PROVIDED RECORDS:
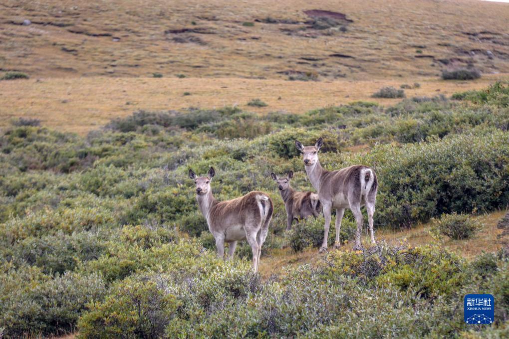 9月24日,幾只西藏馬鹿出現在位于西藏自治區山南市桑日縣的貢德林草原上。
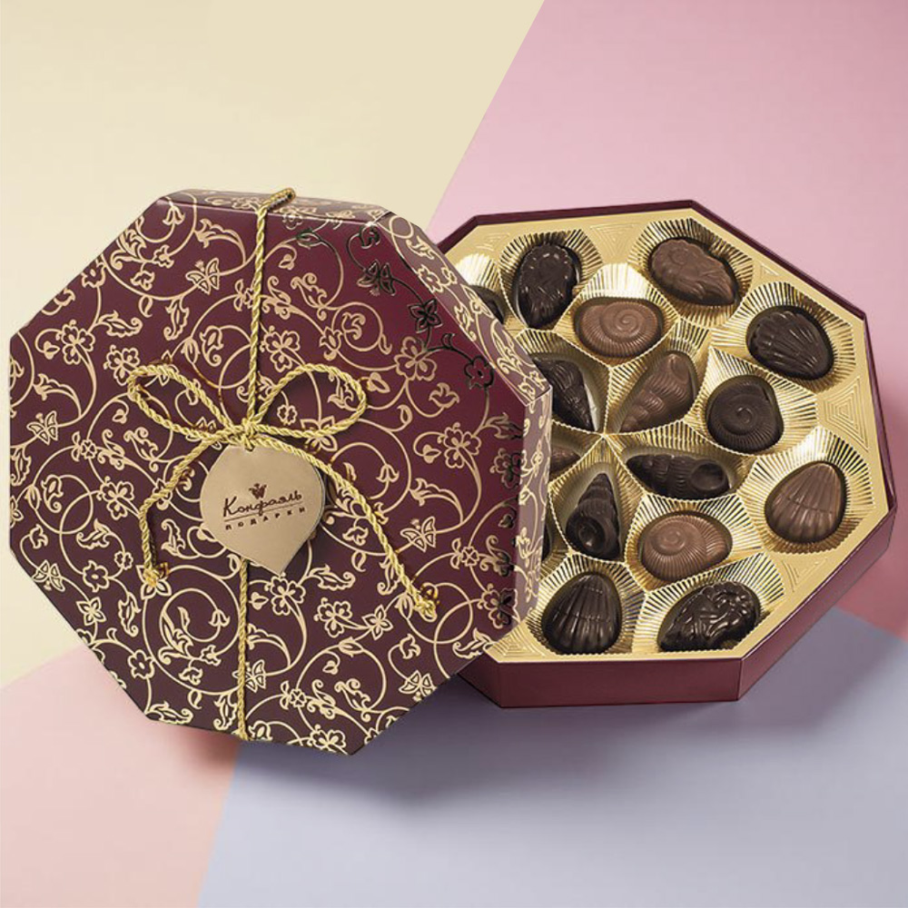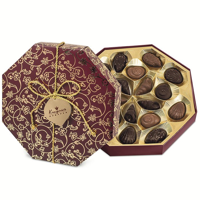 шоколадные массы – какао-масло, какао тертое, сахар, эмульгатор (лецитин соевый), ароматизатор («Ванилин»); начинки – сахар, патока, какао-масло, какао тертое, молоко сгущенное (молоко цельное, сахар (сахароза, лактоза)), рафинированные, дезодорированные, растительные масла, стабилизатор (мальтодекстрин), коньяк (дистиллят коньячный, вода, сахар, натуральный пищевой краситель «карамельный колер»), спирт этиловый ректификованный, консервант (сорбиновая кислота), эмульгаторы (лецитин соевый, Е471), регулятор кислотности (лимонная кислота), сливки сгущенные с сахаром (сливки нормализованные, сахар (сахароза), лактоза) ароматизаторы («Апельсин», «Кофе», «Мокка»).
--
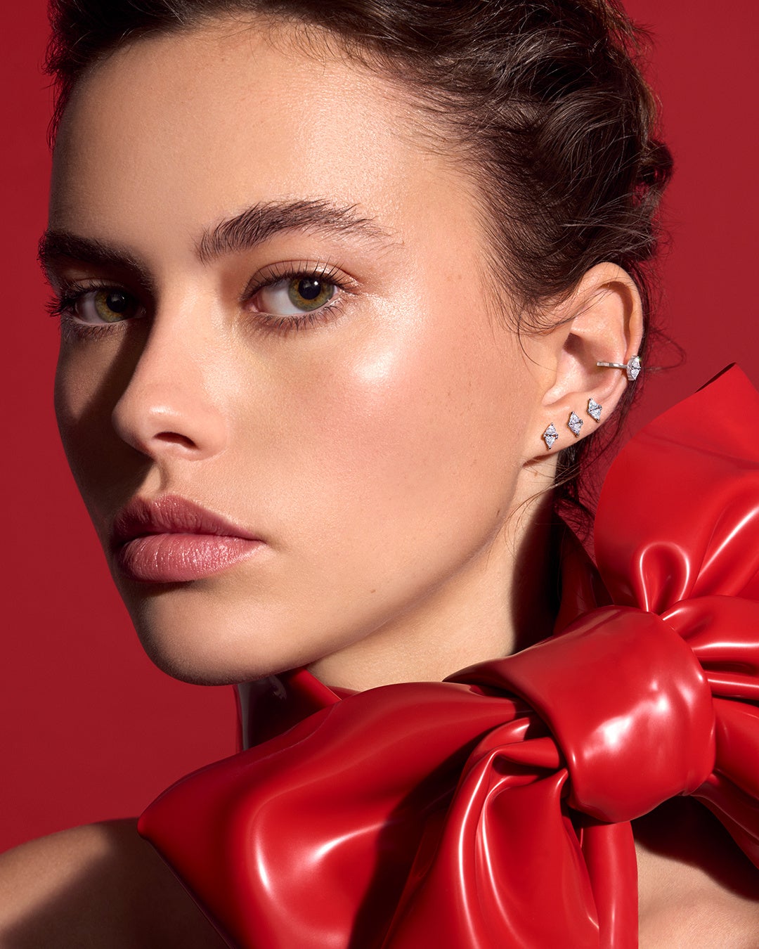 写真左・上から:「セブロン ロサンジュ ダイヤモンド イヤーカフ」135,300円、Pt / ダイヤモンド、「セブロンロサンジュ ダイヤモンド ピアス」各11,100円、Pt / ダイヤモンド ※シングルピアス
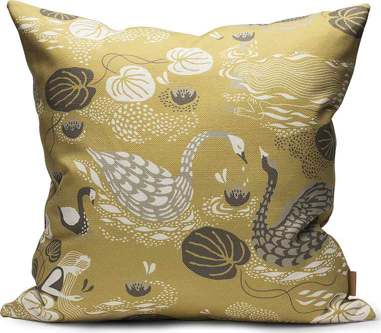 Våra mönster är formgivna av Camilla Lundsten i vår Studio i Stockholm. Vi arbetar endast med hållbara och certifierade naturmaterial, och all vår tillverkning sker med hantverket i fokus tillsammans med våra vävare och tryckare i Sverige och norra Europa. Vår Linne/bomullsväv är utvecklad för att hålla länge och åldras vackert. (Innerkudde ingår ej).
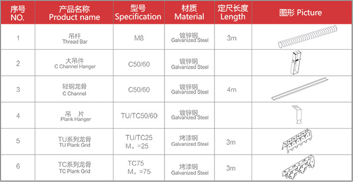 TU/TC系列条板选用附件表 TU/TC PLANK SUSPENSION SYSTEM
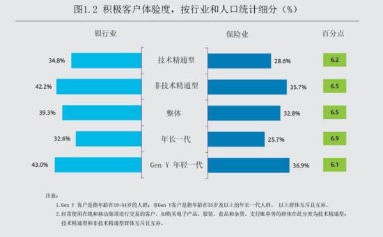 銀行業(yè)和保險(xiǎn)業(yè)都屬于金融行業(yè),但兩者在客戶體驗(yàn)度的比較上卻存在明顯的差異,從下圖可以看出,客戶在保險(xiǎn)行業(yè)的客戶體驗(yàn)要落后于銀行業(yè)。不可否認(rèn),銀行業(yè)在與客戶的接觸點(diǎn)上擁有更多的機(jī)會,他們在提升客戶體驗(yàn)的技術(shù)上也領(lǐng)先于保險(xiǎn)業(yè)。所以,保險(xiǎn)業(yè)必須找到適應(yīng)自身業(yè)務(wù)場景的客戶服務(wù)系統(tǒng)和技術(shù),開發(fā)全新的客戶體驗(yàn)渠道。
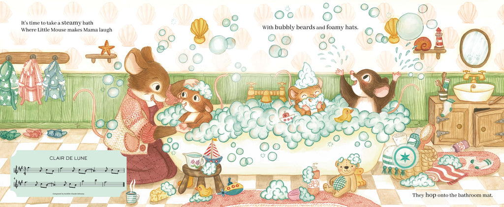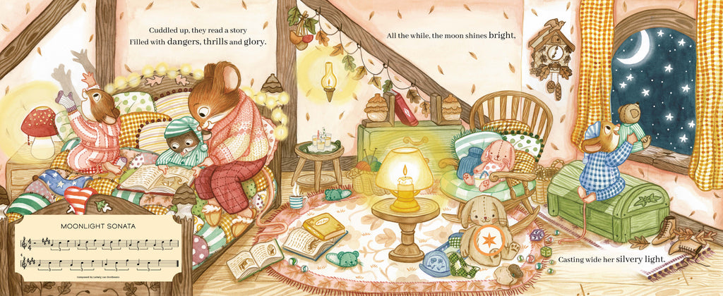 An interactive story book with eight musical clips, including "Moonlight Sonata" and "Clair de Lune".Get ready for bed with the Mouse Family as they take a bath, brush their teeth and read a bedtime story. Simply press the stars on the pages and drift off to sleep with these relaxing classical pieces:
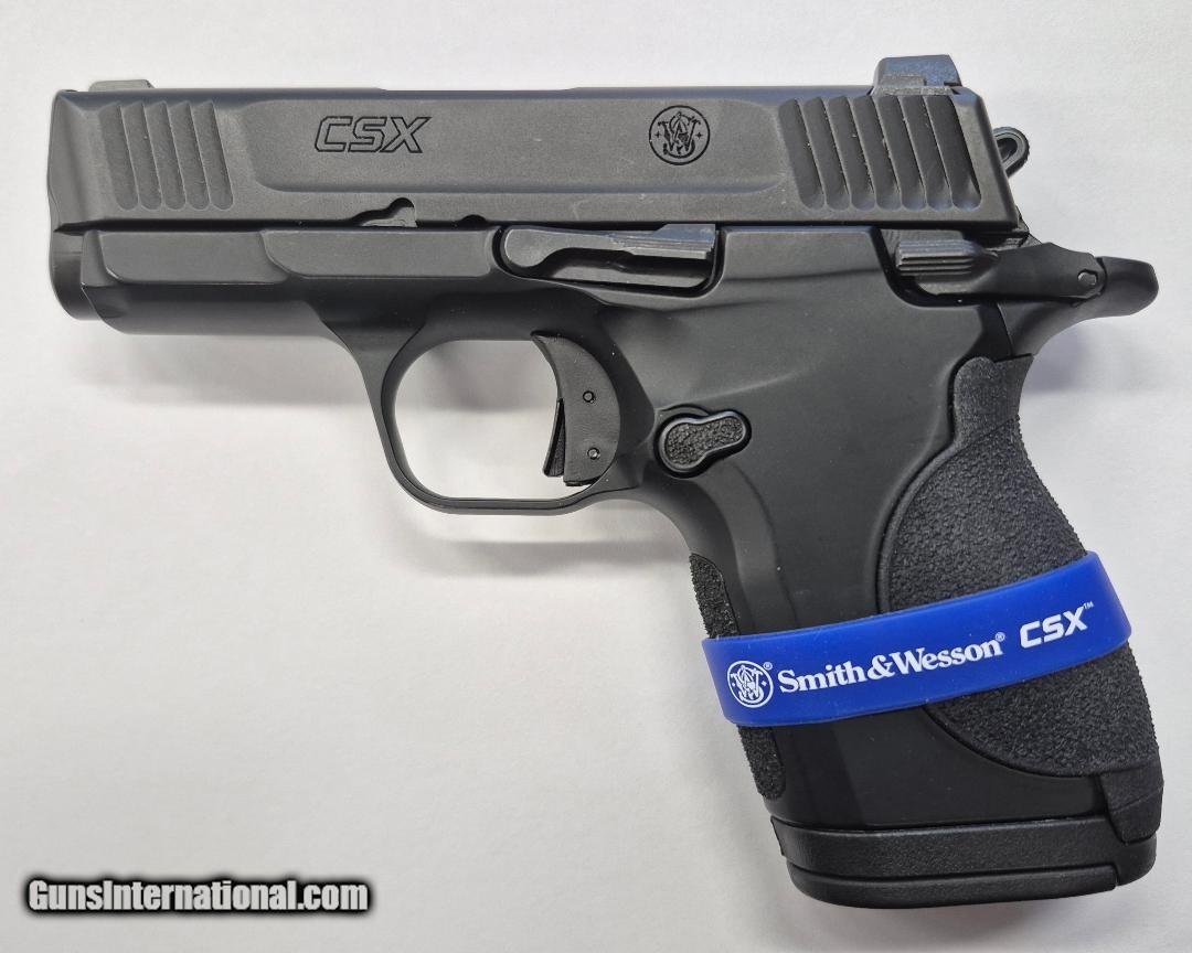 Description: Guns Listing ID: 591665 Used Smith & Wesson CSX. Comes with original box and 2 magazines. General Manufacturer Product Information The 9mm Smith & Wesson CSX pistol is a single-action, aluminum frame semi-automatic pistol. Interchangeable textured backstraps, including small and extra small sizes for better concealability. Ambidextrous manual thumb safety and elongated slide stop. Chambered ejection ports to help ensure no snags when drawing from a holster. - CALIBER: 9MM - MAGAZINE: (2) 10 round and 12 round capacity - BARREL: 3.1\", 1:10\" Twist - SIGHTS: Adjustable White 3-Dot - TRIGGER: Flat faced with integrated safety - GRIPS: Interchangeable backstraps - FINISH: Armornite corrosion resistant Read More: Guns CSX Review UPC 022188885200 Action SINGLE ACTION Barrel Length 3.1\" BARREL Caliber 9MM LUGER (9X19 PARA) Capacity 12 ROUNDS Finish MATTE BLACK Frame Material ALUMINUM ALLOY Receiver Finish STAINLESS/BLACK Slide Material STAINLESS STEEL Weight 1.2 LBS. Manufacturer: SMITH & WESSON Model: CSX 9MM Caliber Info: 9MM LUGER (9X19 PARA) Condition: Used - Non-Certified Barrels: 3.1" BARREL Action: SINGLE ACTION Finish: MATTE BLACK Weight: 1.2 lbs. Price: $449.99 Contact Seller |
--
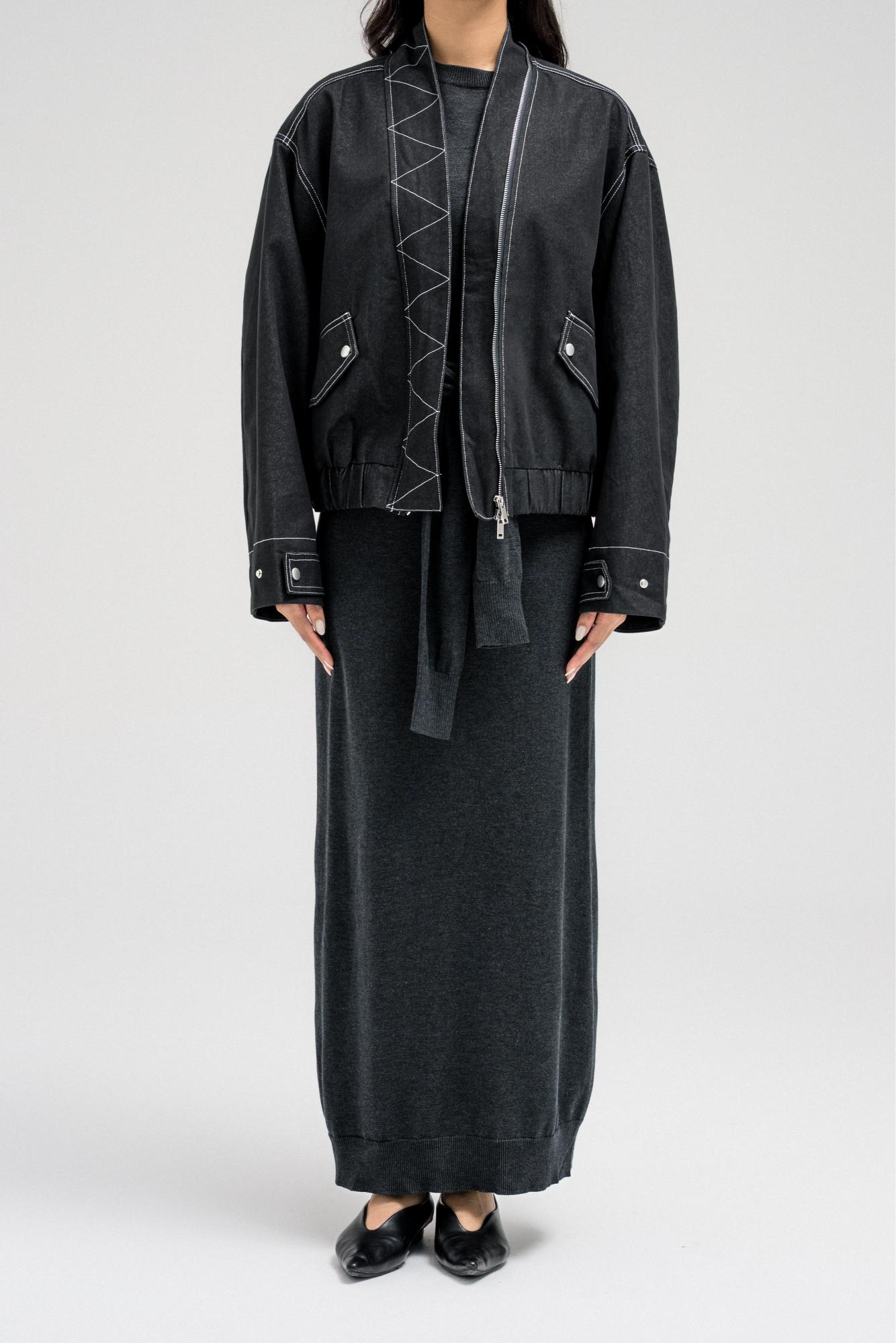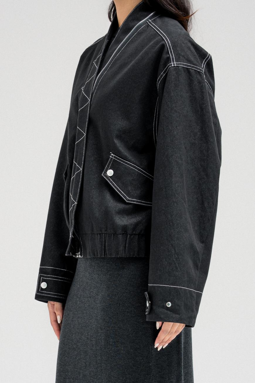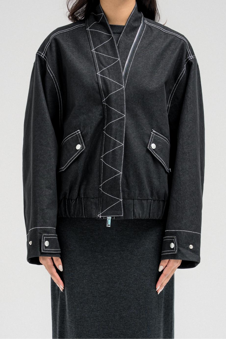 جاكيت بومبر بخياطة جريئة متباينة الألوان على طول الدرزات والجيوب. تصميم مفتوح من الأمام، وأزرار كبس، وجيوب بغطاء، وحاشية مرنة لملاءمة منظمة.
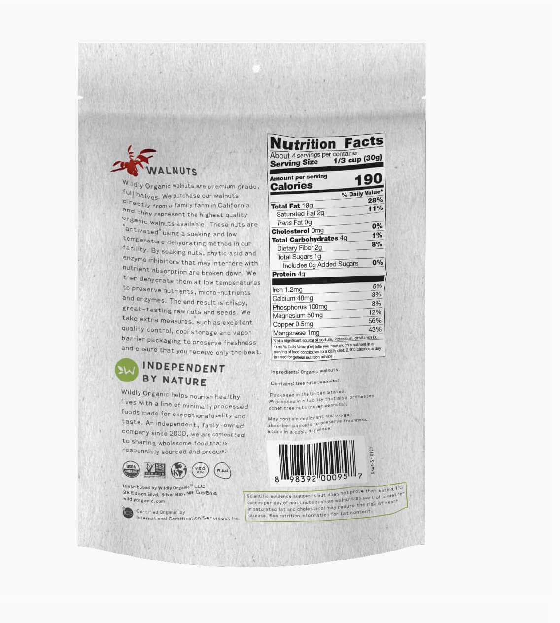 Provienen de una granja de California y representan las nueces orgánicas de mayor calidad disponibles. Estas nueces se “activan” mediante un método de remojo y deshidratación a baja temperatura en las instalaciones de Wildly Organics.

EXERCISE: Exact copy, no pictures. Write out the lines in the entries above, starting with the line with "銀行業(yè)和保險(xiǎ" and going on through the line with "Description: Guns Listing", keeping both.

EXERCISE SOLUTION:
 銀行業(yè)和保險(xiǎn)業(yè)都屬于金融行業(yè),但兩者在客戶體驗(yàn)度的比較上卻存在明顯的差異,從下圖可以看出,客戶在保險(xiǎn)行業(yè)的客戶體驗(yàn)要落后于銀行業(yè)。不可否認(rèn),銀行業(yè)在與客戶的接觸點(diǎn)上擁有更多的機(jī)會,他們在提升客戶體驗(yàn)的技術(shù)上也領(lǐng)先于保險(xiǎn)業(yè)。所以,保險(xiǎn)業(yè)必須找到適應(yīng)自身業(yè)務(wù)場景的客戶服務(wù)系統(tǒng)和技術(shù),開發(fā)全新的客戶體驗(yàn)渠道。
 An interactive story book with eight musical clips, including "Moonlight Sonata" and "Clair de Lune".Get ready for bed with the Mouse Family as they take a bath, brush their teeth and read a bedtime story. Simply press the stars on the pages and drift off to sleep with these relaxing classical pieces:
 Description: Guns Listing ID: 591665 Used Smith & Wesson CSX. Comes with original box and 2 magazines. General Manufacturer Product Information The 9mm Smith & Wesson CSX pistol is a single-action, aluminum frame semi-automatic pistol. Interchangeable textured backstraps, including small and extra small sizes for better concealability. Ambidextrous manual thumb safety and elongated slide stop. Chambered ejection ports to help ensure no snags when drawing from a holster. - CALIBER: 9MM - MAGAZINE: (2) 10 round and 12 round capacity - BARREL: 3.1\", 1:10\" Twist - SIGHTS: Adjustable White 3-Dot - TRIGGER: Flat faced with integrated safety - GRIPS: Interchangeable backstraps - FINISH: Armornite corrosion resistant Read More: Guns CSX Review UPC 022188885200 Action SINGLE ACTION Barrel Length 3.1\" BARREL Caliber 9MM LUGER (9X19 PARA) Capacity 12 ROUNDS Finish MATTE BLACK Frame Material ALUMINUM ALLOY Receiver Finish STAINLESS/BLACK Slide Material STAINLESS STEEL Weight 1.2 LBS. Manufacturer: SMITH & WESSON Model: CSX 9MM Caliber Info: 9MM LUGER (9X19 PARA) Condition: Used - Non-Certified Barrels: 3.1" BARREL Action: SINGLE ACTION Finish: MATTE BLACK Weight: 1.2 lbs. Price: $449.99 Contact Seller |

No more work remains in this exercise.